Author David Mura contacted me over the break and gave me permission to post an excerpt to his moving and thoughtful book about a Sansei academic trying to solve the mystery of his father and his missing brother. So much of his book spoke directly to me and expresses part of the reason why I wanted to adapt NO NO BOY, and why I think the book/play is important to anyone trying to understand how we got to where we are.
This following passage is from the first few paragraphs of a chapter called ST. JUDE'S (page 118 of the paperback edition):
"I am the son of internees. Two young people whom the government jailed because it believed that they might be spies for old Nippon. Not quite Julius and Ethel Rosenberg, nothing as specific as that. No, everyone in my parents' entire community was rounded up. It was easier that way. And most went along with the government, followed their orders to the letter, wanting to prove it was all a big mistake. And some, at a certain point, did not go along. Among these was my father.
"After all these years, this history seems no more real to me than nineteenth-century Polish politics or a list of the maharajahs of some Indian province. A handful of obscure documents, a sidelight to the major, real events of history. No one knows about it anymore; no one cares. And what it all has to do with my father sinking afternoons into the dark folds of our living room couch, I still can't fathom.

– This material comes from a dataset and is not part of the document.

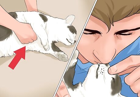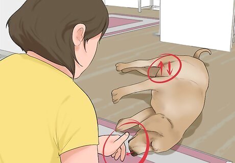 Examine your pet. With your pet removed from the electrical source, you will need to examine your pet. You can assess his breathing in a few different ways, such as watching for chest movements (chest moving up and down) and putting your hand in front of his nose to feel for his breath. You can also gently pluck a few hairs from his coat, hold them in front of his nose, and see if the hairs move. If the hairs move back and forth, your pet is breathing. Check your pet’s pulse by placing your finger on the inside of his middle thigh. This may be challenging if you have a small animal, such as a hamster or guinea pig, but do your best to find his pulse. Check the color of your pet’s gums. If they are blue or white, he is not receiving enough oxygen. White gums indicate poor blood circulation. Your pet will need CPR is he is not breathing and does not have a pulse. Artificial respiration (AR), also known as mouth-to-snout resuscitation, would be needed if he is not breathing, but does have a pulse.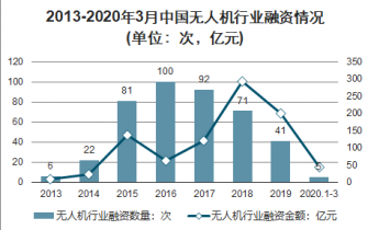 2013-2020年3月中國無人機行業(yè)融資情況(單位:次,億元)

"Perhaps, as the psychologists tend to view things these days, it was all chemical. A few tabs of Zoloft or Prozac would have saved him; it would have all melted away. And there'd be no past, no shame, no stigma from raising his hand in protest rather than bowing his head in patriotic obedience. Perhaps politics had nothing to do with it all. Perhaps it lay buried deep inside my father long before Pearl Harbor, before the war, before everything changed. Merely biochemical fault lines, bad synapses, something in his genes. Our genes."
(from FAMOUS SUICIDES OF THE JAPANESE EMPIRE by David Mura).